EXERCISE PROMPT: Reproduce the listing below from the line with "Không gian căn" to the line with "女子向けラノベタイトル風あだ名 | 『シコゾウ恋絵巻』『シコゾウ伯爵の花嫁』 |", both lines included, character for character, minus any pictures.

DATA EXTRACTS:
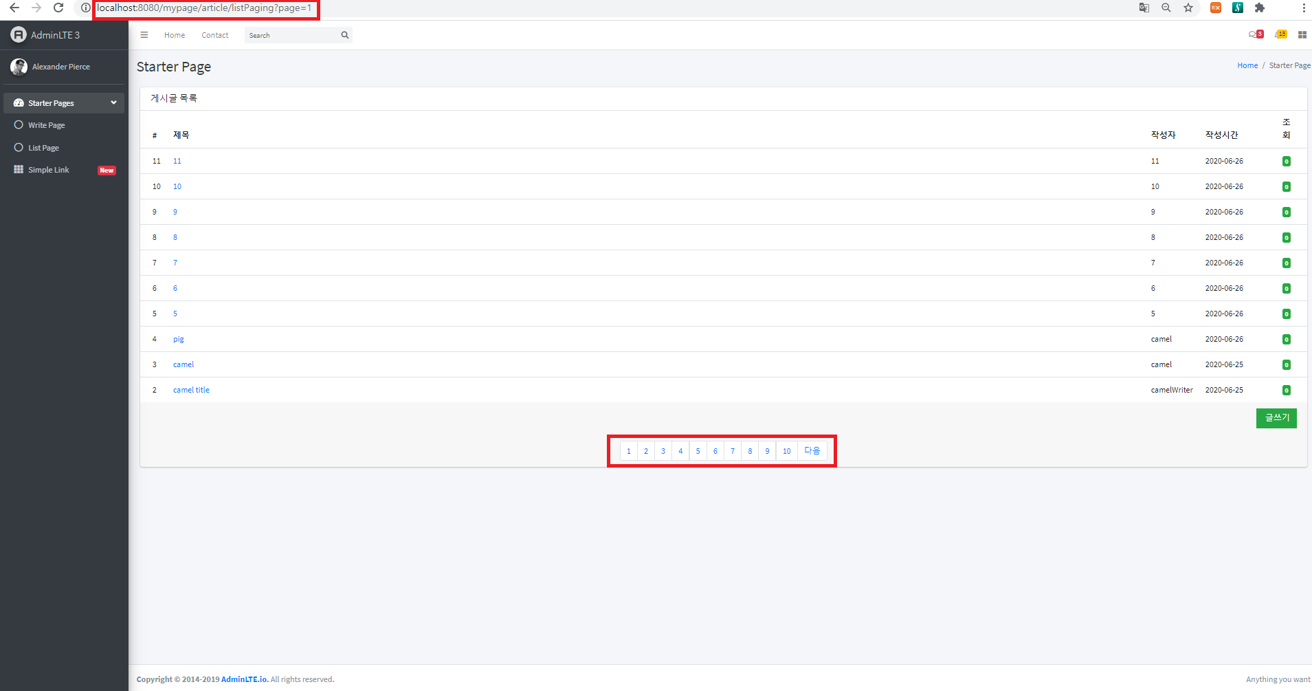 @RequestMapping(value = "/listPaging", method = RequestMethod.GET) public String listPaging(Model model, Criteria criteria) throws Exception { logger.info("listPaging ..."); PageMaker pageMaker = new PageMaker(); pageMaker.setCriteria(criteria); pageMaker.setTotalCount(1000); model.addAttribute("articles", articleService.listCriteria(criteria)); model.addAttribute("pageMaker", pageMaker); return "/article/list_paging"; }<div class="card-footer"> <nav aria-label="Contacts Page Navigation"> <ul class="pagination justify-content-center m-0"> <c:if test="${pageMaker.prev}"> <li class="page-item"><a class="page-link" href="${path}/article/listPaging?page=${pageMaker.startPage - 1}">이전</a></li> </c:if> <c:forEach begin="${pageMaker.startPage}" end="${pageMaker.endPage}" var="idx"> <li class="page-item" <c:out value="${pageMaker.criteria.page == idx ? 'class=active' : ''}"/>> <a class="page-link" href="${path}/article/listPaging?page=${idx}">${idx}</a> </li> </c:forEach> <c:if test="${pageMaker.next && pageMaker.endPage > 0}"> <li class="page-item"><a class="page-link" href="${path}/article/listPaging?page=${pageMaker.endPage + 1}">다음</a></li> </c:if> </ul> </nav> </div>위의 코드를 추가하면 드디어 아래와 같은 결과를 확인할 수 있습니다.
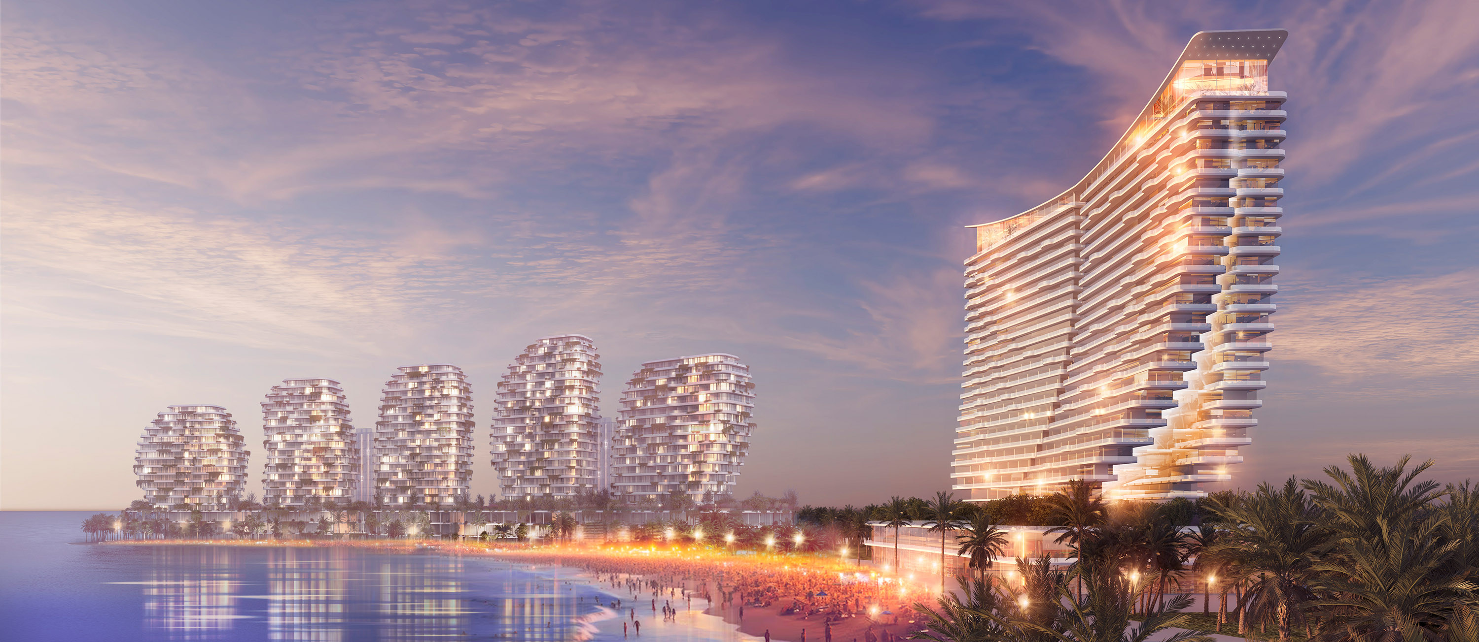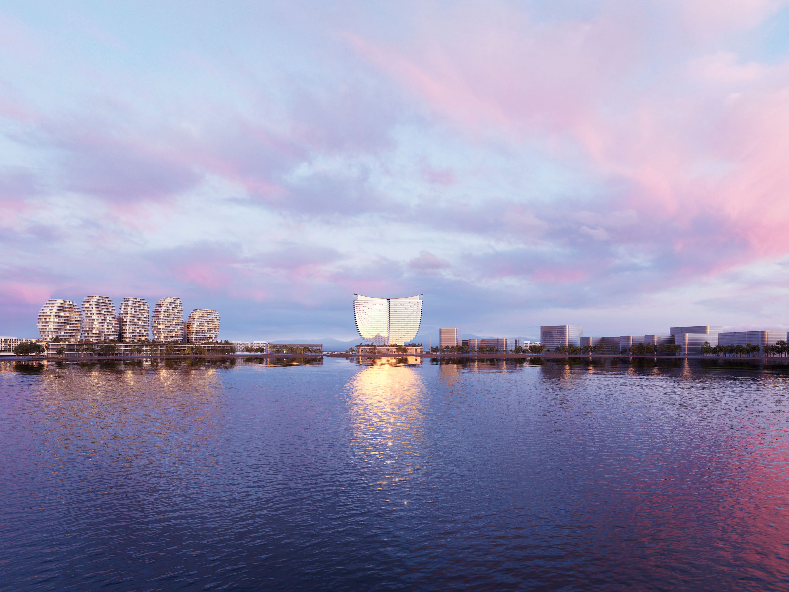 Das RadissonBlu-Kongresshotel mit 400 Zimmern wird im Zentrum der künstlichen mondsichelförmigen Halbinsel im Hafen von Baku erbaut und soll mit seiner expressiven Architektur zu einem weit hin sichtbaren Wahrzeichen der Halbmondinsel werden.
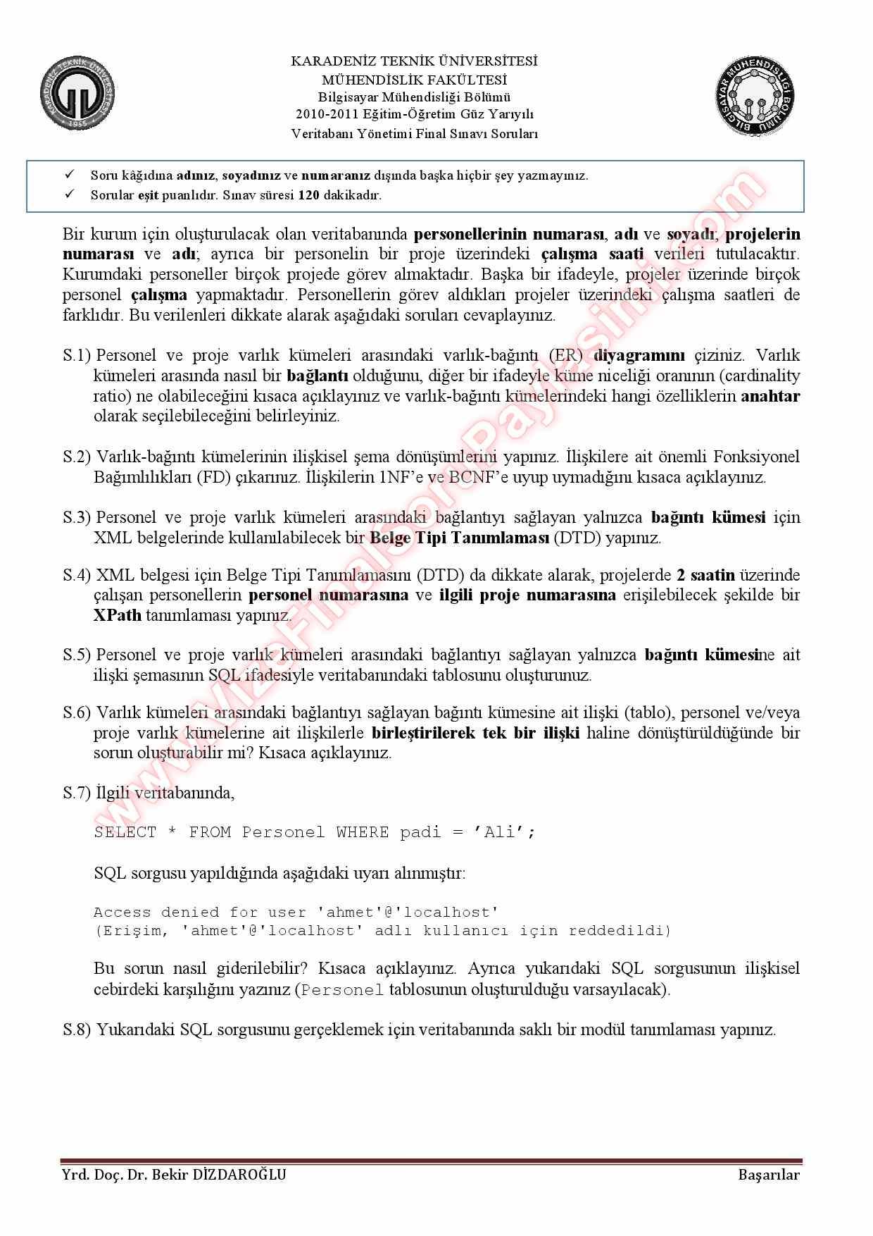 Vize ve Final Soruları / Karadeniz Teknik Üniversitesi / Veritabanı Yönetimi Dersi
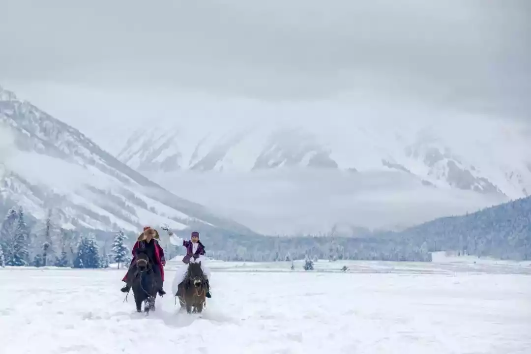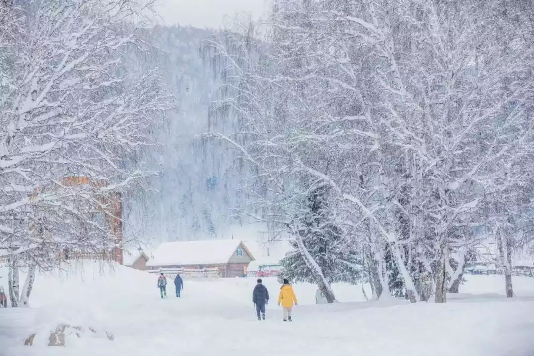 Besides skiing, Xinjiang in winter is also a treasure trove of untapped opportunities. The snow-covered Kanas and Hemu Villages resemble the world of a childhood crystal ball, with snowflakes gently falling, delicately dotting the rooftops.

--

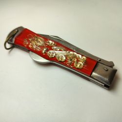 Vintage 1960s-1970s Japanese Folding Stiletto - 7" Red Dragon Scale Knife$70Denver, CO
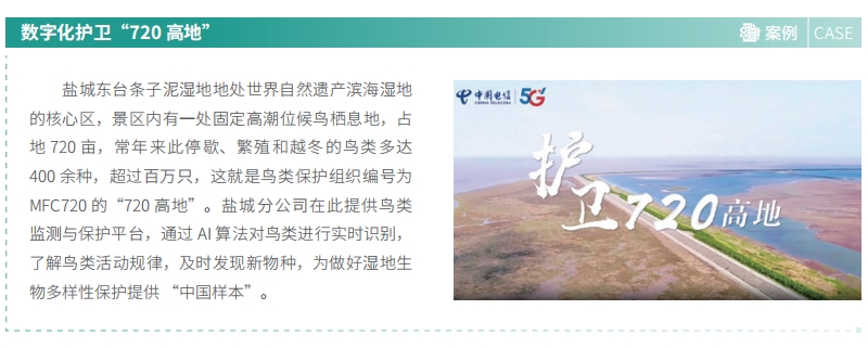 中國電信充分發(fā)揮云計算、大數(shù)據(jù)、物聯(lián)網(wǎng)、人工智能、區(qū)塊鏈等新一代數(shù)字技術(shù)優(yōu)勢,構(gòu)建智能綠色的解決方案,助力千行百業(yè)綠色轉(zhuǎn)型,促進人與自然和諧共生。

---

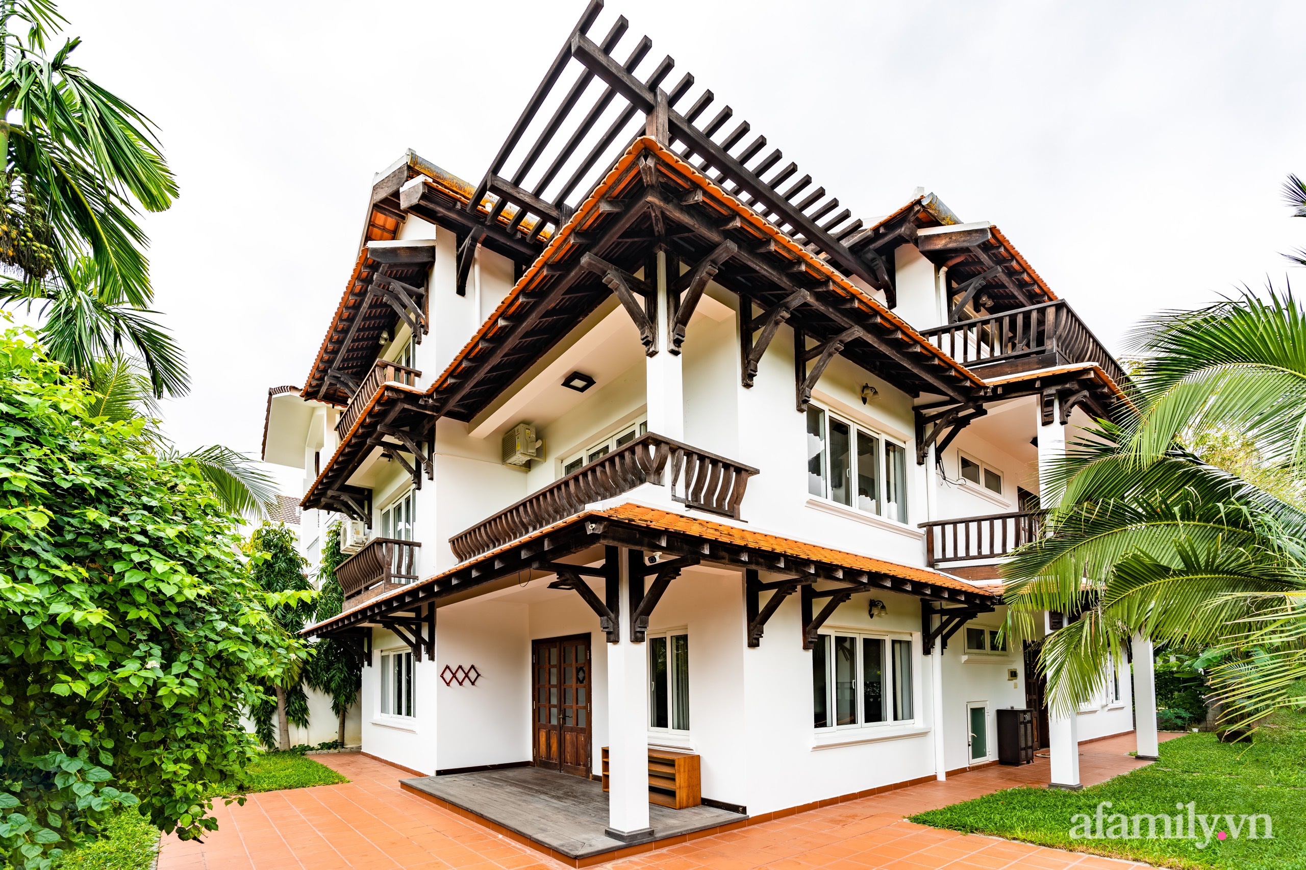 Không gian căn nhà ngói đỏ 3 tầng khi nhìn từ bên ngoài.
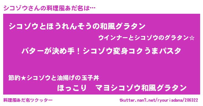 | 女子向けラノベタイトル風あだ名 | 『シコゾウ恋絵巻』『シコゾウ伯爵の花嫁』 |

ANSWER TO THIS EXERCISE:
 Không gian căn nhà ngói đỏ 3 tầng khi nhìn từ bên ngoài.
 | 女子向けラノベタイトル風あだ名 | 『シコゾウ恋絵巻』『シコゾウ伯爵の花嫁』 |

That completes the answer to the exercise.